Re: Multi-CPU when reading STDIN and small tasks
by BrowserUk (Patriarch) on Jan 28, 2017 at 16:06 UTC

    Some examples of your multi-line inputs would help.

      Each line is an individual syslog message which means that related lines will rarely be consecutive though they all related lines for an event should arrive in a very short time. In this data example, there are two separate events which need their data related but the events themselves are independent of each other.
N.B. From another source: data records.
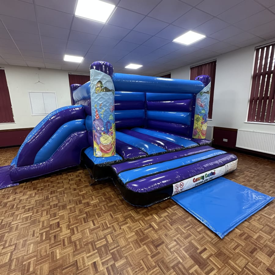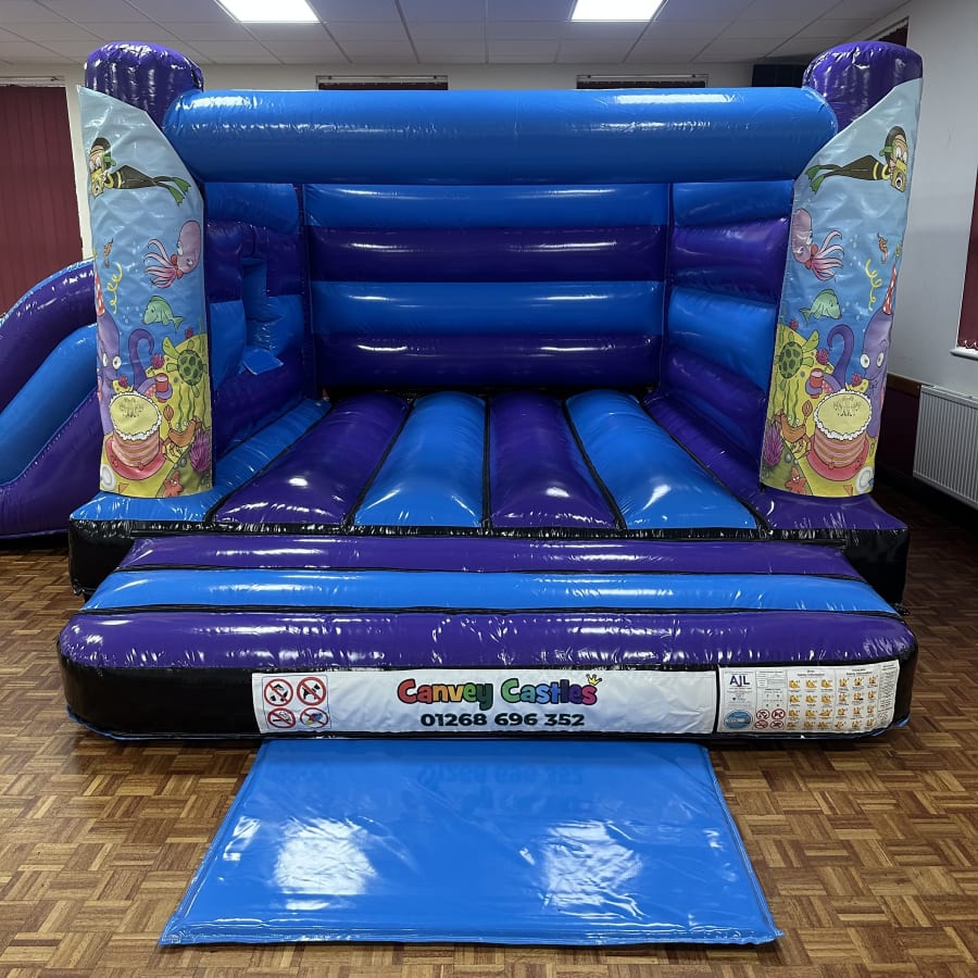 Bring ocean magic to your next event with the 16ft x 17ft Blue and Purple Under the Sea Low Height Slide Combo Bouncy Castle. This compact, eye-catching unit blends safe low-height design with a fun slide and bright under-the-sea graphics. Perfect for younger children, it delivers big smiles in a small footprint. canvey castles 16ft x 17ft Blue and Purple Under the Sea Low Height Slide Combo Bouncy Castle in essex
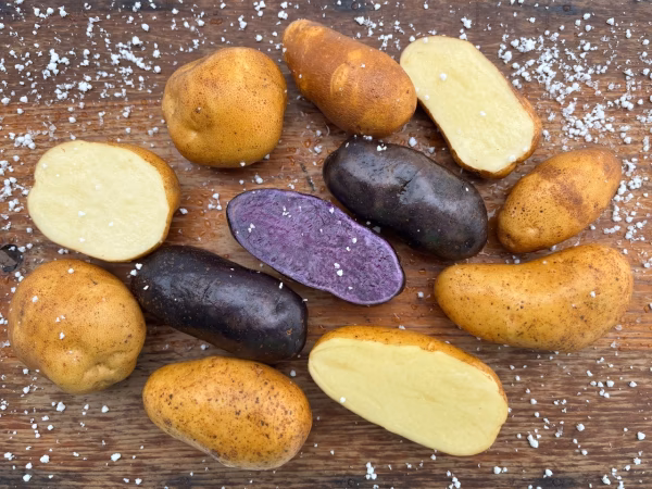 定番メークインとその変異種タワラ小判、天然紫色のシャドークイーン、青森在来おこっぺ(奥戸)の4種類。
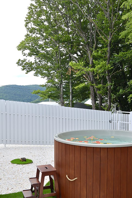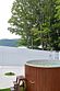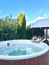 - Подогреваемая купель с аэромассажем и подсветкой. Возможность расслабиться под открытым небом, наблюдая за звездами, слушая шелест листвы и пение птиц — незабываемо.

The events can be identified by 1) node=xxxxxxxxxx; and 2) node=aaaaaaaaaa
      node=xxxxxxxxxx type=SYSCALL msg=audit(1485583201.776:5485082): arch=c000003e syscall=82 per=400000 success=yes exit=0 a0=7fc164006990 a1=7fc164006b70 a2=7fc164006b70 a3=7fc230853278 items=4 ppid=xxxxx pid=xxxxx auid=xxxxx uid=xxxxx gid=xxxxx euid=xxxxx suid=xxxxx fsuid=xxxxx egid=xxxxx sgid=xxxxx fsgid=xxxxx tty=(none) ses=4294967295 comm="somecommand" exe="/full/path/to/somecommand" key="delete"
      node=xxxxxxxxxx type=CWD msg=audit(1485583201.776:5485082):  cwd="/another/cwd"
      node=aaaaaaaaaa type=SYSCALL msg=audit(1485583203.459:5485148): arch=c000003e syscall=59 success=no exit=-2 a0=7f30b9d87149 a1=7f30b9d86860 a2=7f30b9d86bd8 a3=7f30b9d9c8c0 items=1 ppid=xxxxx pid=xxxxx auid=xxxxx uid=xxxxx gid=xxxxx euid=xxxxx suid=xxxxx fsuid=xxxxx egid=xxxxx sgid=xxxxx fsgid=xxxxx tty=(none) ses=16439 comm="command" exe="/bin/ksh93" key="cmdlineExecution"
      node=xxxxxxxxxx type=PATH msg=audit(1485583201.776:5485082): item=0 name="arg-data-0" inode=268805 dev=fd:14 mode=040740 ouid=xxxxx ogid=xxxxx rdev=00:00 nametype=PARENT
      node=aaaaaaaaaa type=CWD msg=audit(1485583203.459:5485148):  cwd="/a/cwd"
      node=xxxxxxxxxx type=PATH msg=audit(1485583201.776:5485082): item=1 name="arg-data-1" inode=268805 dev=fd:14 mode=040740 ouid=xxxxx ogid=xxxxx rdev=00:00 nametype=PARENT
      node=aaaaaaaaaa type=PATH msg=audit(1485583203.459:5485148): item=0 name="/etc/uname" nametype=UNKNOWN
      node=xxxxxxxxxx type=PATH msg=audit(1485583201.776:5485082): item=2 name="arg-data-2" inode=269256 dev=fd:14 mode=0100640 ouid=xxxxx ogid=xxxxx rdev=00:00 nametype=DELETE
      node=aaaaaaaaaa type=EOE msg=audit(1485583203.459:5485148):
      node=xxxxxxxxxx type=PATH msg=audit(1485583201.776:5485082): item=3 name="arg-data-3" inode=269256 dev=fd:14 mode=0100640 ouid=xxxxx ogid=xxxxx rdev=00:00 nametype=CREATE
      node=xxxxxxxxxx type=EOE msg=audit(1485583201.776:5485082):
      

        Is it correct to assume that:

        1. the audit parameters (timestamp+???) on all the parts of a single multiline entry from a given node will be the same?
        2. When a line is received from a node with different audit parameters to the last line received from that node, that previous multi-line entry is complete?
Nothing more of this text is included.